# OSGi und JPA



## Gelöschtes Mitglied 5909 (11. Jan 2010)

Ich habe Services die mit Entities über interfaces arbeiten. Diese Services möchte ich in ein eigenes Bundle packen.
Die Entities (und noch ein bischen mehr) sollen in einem anderen Bundle liegen, 
damit ich später ggf. weitere Bundles mit weiteren Entities hinzufügen kann.

Dadurch gibt es aber ein Problem: ich brauche pro Bundle eine persistence.xml,
da ich ja die Entities eintragen muss. Dadurch habe ich dann ja verschiedene EntityManager.
Da meine Services den EntityManager brauchen, müsste ich Pro Bundle also von meinen
Services eine Instanz anlegen. Wenn ich jetzt eine Ebene drüber meine Services verwenden will,
brauche ich pro Bundle eine Service-Instanz und muss auchnoch wissen mit welcher Entity ich welchen Service verwende.
Da die Logik von den Services nicht unbedingt etwas Entity spezifisches machen (Die Entities implementieren Interface(s))
ist das natürlich äußerst unschön. 

Soweit ich weiß gib es keine Möglichkeit dem EntityManager z.B. beim laden eines Bundles zu sagen 
"hey hier ist noch ne Entity, Foo.class" oder sowas in der Art. 

Gibt es irgendwas, das ich übersehen habe?

Meine Idee wäre z.B. mit Jaxb die verschiedenen persistence.xmls zu mergen.
Hat aber auch viele Nachteile:

- ich muss das alles selber machen
- was mach ich bei unterschiedlichen DataSources?

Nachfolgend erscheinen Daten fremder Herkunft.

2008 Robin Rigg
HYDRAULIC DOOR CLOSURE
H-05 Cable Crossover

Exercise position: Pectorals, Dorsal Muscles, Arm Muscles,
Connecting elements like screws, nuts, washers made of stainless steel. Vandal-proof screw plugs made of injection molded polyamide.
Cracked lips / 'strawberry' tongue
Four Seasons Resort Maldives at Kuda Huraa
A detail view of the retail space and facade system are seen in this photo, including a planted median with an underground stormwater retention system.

Hat da jemand eine Idee? Am liebsten wär mir: da haste n Bundle mit noch n paar Entities und gut ist


----------



## Noctarius (11. Jan 2010)

Das Entity Bundle stellt nur die Klassen zur Verfügung. Die persistence.xml braucht nur das Bundle welches später die Entity Klassen nutzen soll.


----------



## Gelöschtes Mitglied 5909 (11. Jan 2010)

Dann muss ich dort aber genau die eingetragen haben die deployed sind. 
Das ist nicht gerade OSGi-isch würde ich behaupten.

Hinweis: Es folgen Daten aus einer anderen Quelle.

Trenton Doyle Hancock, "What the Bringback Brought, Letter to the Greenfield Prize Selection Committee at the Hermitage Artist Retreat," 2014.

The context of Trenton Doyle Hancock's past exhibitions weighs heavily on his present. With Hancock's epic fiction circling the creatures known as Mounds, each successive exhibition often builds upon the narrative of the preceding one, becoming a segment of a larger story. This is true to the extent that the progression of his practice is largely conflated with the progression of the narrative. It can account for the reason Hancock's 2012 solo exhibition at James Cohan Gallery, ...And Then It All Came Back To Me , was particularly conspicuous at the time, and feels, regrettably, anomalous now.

Vielleicht ist des kleine Bildchen Hilfreich:







DAOs machen nur dumm CRUD. Die High Level API macht mehr (sind diese Services) und kann ggf auch den EntityManager verwenden (rechts). Wenn ich jetzt ein Bundle mit DAO und Entity Deploye sollte im Idealfall z.b. der Rechte Service ohne weiteres Funktionieren.

Bei deinem Vorgehen müsste ich in Logik 1-n immer alle Entities in der Persistence.xml eingetragen haben.
Verstehst du das Problem? Die Daos haben noch Factories und die Services auch. Bei den Daos ist das kein Problem, wenn die persistence.xml im Entity Bundle ist, aber dann bei den Services.
Und in den Logik Bundles wollte ich nur ungern mit EntityManagern rumhantieren.


----------



## Noctarius (11. Jan 2010)

Irgendwie ist mir ein Schaubild grad nicht ganz klar. Wieso hast du 3 High Level DB Api Bundles?

Dynamic-JPA Overview <- Vielleicht ist das was du suchst


----------



## Gelöschtes Mitglied 5909 (11. Jan 2010)

Weil ich ggf. mehrere Allgemeine und und mehrere Spezielle APIs habe und außerdem trennen möchte.

Kleines Beispiel (hat aber mit meiner Anwendung garnix zu tun)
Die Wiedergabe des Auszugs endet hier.